Coats swished into the hall as hours robbed natural rays from the cubicle hive. Electronics and clicking keys fell silent, leaving her alone under the intensifying hum of bile-hued lights. Laina pecked away at her report until the screen blurred. She blinked and strained her eyes to type the conclusion.
Tight neck muscles seared aches into her shoulders. She leaned back from the monitor to rub the stiff tendons. The necklace chain shocked her fingers and she jerked them away. A blip snapped the room into a black void. Computer screen, overhead lights–all dark. She patted around her feet until she felt sinewy leather straps. As Laina felt for her phone, a warm puff of mist enveloped her ear. She froze. A rash of chills swept up her arms and over her back. The breath curled around her chin and plumed sulfurous odors into her nostrils.
Laina drew her arm up and squeezed her phone. Elbow first, she whirled around to jab and shine her cell. The overhead lights flickered on to fill her empty cubicle. She clambered atop the desk and peered over the maze of work spaces. Vacant.
A man’s voice shot from the elevator wing. “Watch out.”
Laina twisted to face the night watchman.
“Those work stations ain’t too sturdy,” he said. “Wait for the emergency lights next time.”
“You scared me.” She climbed down and retrieved her purse. “I was working late.”

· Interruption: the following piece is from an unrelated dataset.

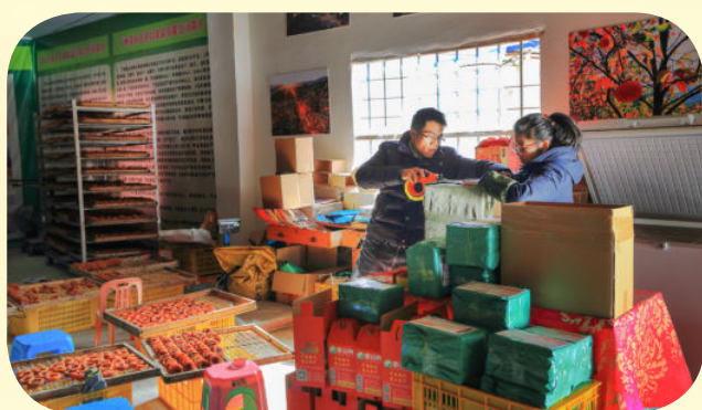
2016年12月16日，新圩镇古定村一个家庭农产品加工作坊员工包装柿饼，准备发给网上订购的客户。电商进农家让蒙山不少农户得到实实在在的利益

“I’ll say. Eight thirty, you know.” The thick, moustached guard waddled toward her, twirling his nightstick. “This floor’s supposed to be clear. I’ll walk you to the exit.”
“Sorry. Let me just grab my stuff.”
As she lifted her scarf and coat from the chair, an cryptic message flashed across her computer monitor–a set of repeating Chinese symbols. The screen pixellated and flashed one word. Coming. The monitor went black.
“You comin’?” He tapped his foot. “They ain’t payin’ unlimited overtime here.”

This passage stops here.